Bajo estas consideraciones resulta inaceptable el contenido del oficio suscrito el 28 de noviembre de 1996 en el que la entidad demandada le manifiesta a la actora que "por cada vinculación se deben reunir los requisitos de pensión” y "... solicito anexar documentos para estudiar la viabilidad de la pensión como docente de medio tiempo”. Y por iguales razones tampoco son de recibo las consideraciones que de igual tenor contemplan los actos acusados.

Cabe mencionar, que el consejo directivo del Fondo Nacional de Prestaciones Sociales del Magisterio no es el llamado a reglamentar la ley mediante la cual se establece el derecho a la pensión de jubilación.

De la cuantía de la pensión

A juicio de esta Sala, la administración indujo a error a la demandante al exigirle tramitar por separado una pensión de jubilación por tiempo completo y otra por medio tiempo.

Se reitera, no se trata del reconocimiento de dos pensiones ordinarias de jubilación, sino de que en la liquidación de la pensión de jubilación se puedan sumar los ingresos provenientes de dos vinculaciones, siempre que ellas se ajusten a la ley. Bajo esta premisa se examinará el caso.

Conforme a la Ley 33 de 1985 quienes a la fecha de su expedición (ene. 29) hubiesen cumplido quince años completos de servicios, seguirían rigiéndose por la edad exigida en la normatividad anterior, que era de cincuenta años. Los quince años de servicios los cumplió la actora el 12 de febrero de 1983, sin duda, la edad exigible para jubilación era de cincuenta años. Ahora como la actora nació el 20 de octubre de 1946 (fl. 2), el requisito de edad lo cumplió el 20 de octubre de 1996; adquiriendo el status de pensionada en esta última fecha.

Como se dijo la Ley 4ª de 1992 se expidió el 19 de diciembre, es decir, para el 20 de octubre de 1996, era inconstitucional e ilegal devengar simultáneamente asignación como docente de tiempo completo y de medio tiempo.

Conforme al artículo 1º de la Ley 33 de 1985, la pensión se liquidaba sobre el 75% del salario promedio que sirvió de base para los aportes en el último año de servicios.

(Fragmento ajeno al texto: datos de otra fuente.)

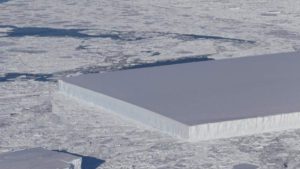 Ένα ασυνήθιστο μεγάλο παγόβουνο με σχήμα τέλειου ορθογώνιου – που θυμίζει τον εξωγήινο μονόλιθο στην ταινία «2001: Οδύσσεια του Διαστήματος» αλλά σε παγωμένη έκδοση – φωτογράφισε η Αμερικανική Διαστημική Υπηρεσία (NASA). Στη φωτογραφία που έδωσε στη δημοσιότητα, δεν μπορεί παρά να θαυμάσει κανείς τη φύση, η οποία, μέσα σε όλη τη χαοτική τυχαιότητα που τη διέπει, μπορεί να παράγει σχεδόν τέλεια γεωμετρικά σχήματα σε τόσο μεγάλη κλίμακα. Σε γενικές γραμμές υπάρχουν δύο ειδών παγόβουνα: αυτά που μοιάζουν με τρίγωνο ή πρίσμα πάνω από την επιφάνεια του νερού (όπως αυτό που βύθισε τον «Τιτανικό») και εκείνα που είναι μακριά, πλατιά και επίπεδα σαν φέτα κέικ. Το συγκεκριμένο γεωμετρικό παγόβουνο, που έχει μήκος σχεδόν δύο χιλιομέτρων, έχει αποκολληθεί από την σταδιακά καταρρέουσα παγοκρηπίδα Λάρσεν C στην Ανταρκτική Χερσόνησο. Ορατό είναι μόνο το ένα δέκατο του παγόβουνου, καθώς το υπόλοιπο βρίσκεται μέσα στο νερό. Οι επιστήμονες το θεωρούν ασταθές και επιρρεπές σε περαιτέρω διάσπαση.

No obstante, si el status de pensionada se adquirió el 20 de octubre de 1996, mal podría tenerse en cuenta el ingreso obtenido por razón de su vinculación como docente de medio tiempo para efectos pensionales pues una situación ilegal, lo ha reiterado la Sala, no puede dar lagar a la consolidación de derecho alguno.

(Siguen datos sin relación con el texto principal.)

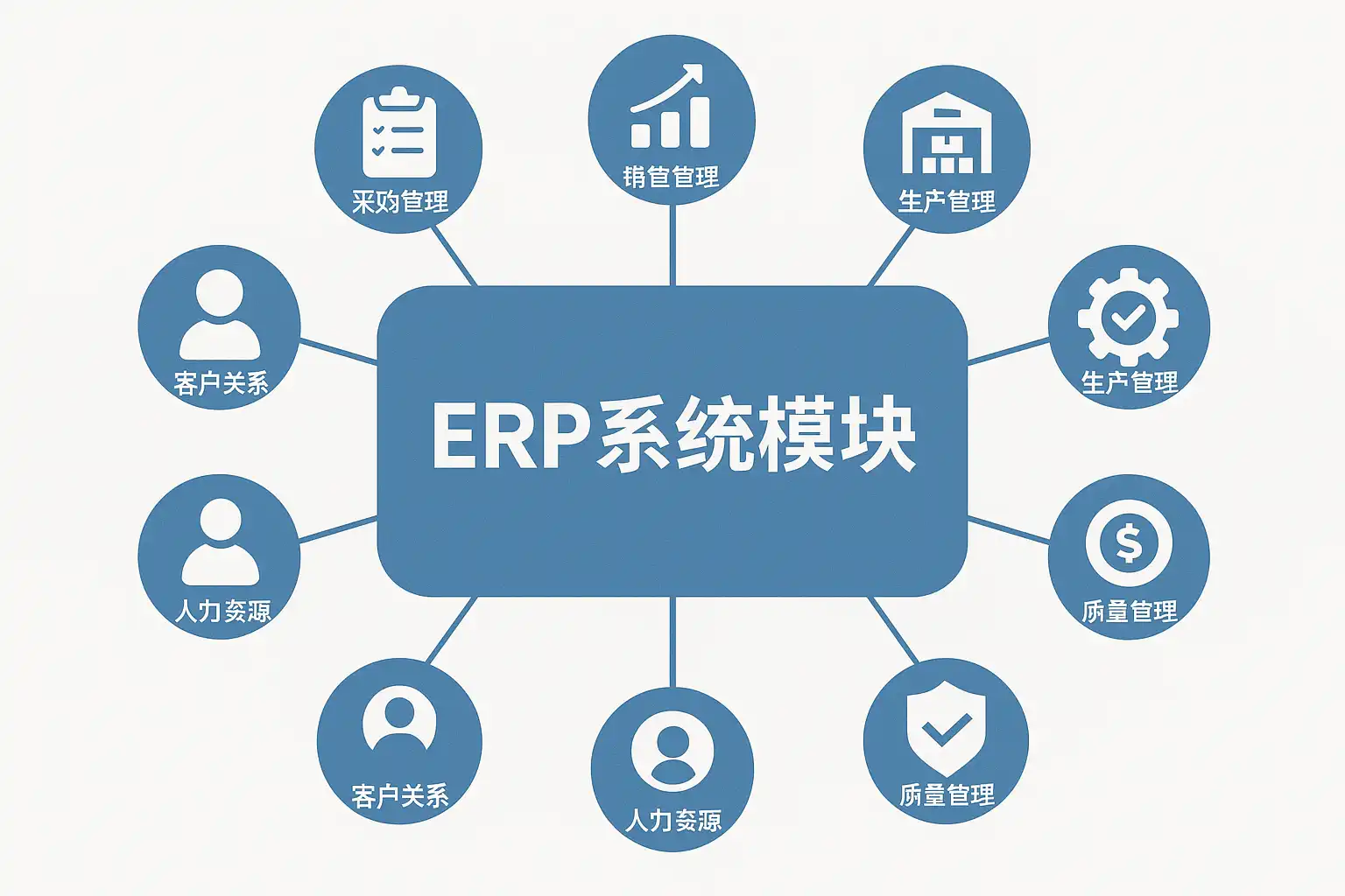 ERP(Enterprise Resource Planning,企业资源计划)系统是整合了企业各项资源,实现信息流通与业务协同的综合性平台。它通过多个功能模块覆盖了企业经营活动的主要环节,每个模块均有其独立功能,同时又能高效协作。

En consecuencia, aunque por razones diferentes, se confirmará la sentencia del tribunal.

En mérito de lo expuesto, el Consejo de Estado, Sala de lo Contencioso Administrativo, Sección Segunda, Subsección "A", administrando justicia en nombre de la República y por autoridad de la ley,

FALLA:

Confírmase la sentencia proferida el 7 de abril de 1999 por el Tribunal Administrativo del Quindío, en el proceso incoado por la señora Olga Jiménez Gómez contra la Nación – Ministerio de Educación Nacional.

Cópiese, notifíquese, y devuélvase el expediente al tribunal de origen. Publíquese.

Esta providencia fue estudiada y aprobada por la Sala en sesión de la fecha.

Alberto Arango Mantilla—Nicolás Pájaro Peñaranda—Ana Margarita Olaya Forero. 

Myriam Viracachá Sandoval, Secretaria ad hoc.